* _ACTIVITY_
Each line from the first down to the one containing "Hand Drawn Halloween" should be returned exactly as it appears below.

* _DATA FOR THIS EXERCISE_
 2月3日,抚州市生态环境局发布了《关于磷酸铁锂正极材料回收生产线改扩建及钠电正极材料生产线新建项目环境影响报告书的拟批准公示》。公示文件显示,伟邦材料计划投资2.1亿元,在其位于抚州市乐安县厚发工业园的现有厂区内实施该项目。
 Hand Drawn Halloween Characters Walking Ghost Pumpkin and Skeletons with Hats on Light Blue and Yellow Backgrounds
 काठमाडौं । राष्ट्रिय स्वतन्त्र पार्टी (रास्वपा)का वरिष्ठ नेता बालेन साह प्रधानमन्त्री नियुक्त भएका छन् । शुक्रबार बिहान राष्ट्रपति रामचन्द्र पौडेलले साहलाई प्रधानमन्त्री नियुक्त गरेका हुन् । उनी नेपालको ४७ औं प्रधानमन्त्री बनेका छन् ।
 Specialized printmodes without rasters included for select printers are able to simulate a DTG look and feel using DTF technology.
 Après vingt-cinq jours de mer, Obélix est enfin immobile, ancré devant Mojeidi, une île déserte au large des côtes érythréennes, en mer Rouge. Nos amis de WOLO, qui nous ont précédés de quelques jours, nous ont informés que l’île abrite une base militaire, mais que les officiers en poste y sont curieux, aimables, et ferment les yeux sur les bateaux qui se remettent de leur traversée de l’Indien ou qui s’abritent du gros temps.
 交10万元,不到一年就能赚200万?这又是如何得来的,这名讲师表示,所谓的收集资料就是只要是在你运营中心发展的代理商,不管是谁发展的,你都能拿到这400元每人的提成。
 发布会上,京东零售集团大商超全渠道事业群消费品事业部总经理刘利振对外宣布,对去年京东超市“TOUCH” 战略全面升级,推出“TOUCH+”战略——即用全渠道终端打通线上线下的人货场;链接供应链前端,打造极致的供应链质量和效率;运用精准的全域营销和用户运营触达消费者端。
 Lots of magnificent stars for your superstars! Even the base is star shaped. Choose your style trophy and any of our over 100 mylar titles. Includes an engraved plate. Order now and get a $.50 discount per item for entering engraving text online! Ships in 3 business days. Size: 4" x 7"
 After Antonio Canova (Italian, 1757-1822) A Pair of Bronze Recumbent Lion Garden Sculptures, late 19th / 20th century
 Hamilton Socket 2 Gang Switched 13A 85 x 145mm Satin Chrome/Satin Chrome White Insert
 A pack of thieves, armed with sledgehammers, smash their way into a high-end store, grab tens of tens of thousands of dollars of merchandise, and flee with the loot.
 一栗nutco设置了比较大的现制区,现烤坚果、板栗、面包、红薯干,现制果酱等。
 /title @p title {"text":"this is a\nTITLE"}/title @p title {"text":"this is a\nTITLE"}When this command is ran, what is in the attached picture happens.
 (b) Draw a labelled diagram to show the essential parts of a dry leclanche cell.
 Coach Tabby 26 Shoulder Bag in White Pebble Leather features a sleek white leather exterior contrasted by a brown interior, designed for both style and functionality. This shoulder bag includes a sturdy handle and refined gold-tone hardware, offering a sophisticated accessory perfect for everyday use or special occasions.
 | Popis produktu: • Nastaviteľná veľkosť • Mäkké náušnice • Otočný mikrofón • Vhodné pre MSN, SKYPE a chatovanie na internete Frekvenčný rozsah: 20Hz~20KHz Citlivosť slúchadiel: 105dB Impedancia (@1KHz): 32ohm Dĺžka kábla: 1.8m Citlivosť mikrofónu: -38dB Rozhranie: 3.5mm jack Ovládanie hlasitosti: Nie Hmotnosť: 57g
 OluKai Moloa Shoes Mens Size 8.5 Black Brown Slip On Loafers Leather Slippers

* _YOUR SOLUTION_
 2月3日,抚州市生态环境局发布了《关于磷酸铁锂正极材料回收生产线改扩建及钠电正极材料生产线新建项目环境影响报告书的拟批准公示》。公示文件显示,伟邦材料计划投资2.1亿元,在其位于抚州市乐安县厚发工业园的现有厂区内实施该项目。
 Hand Drawn Halloween Characters Walking Ghost Pumpkin and Skeletons with Hats on Light Blue and Yellow Backgrounds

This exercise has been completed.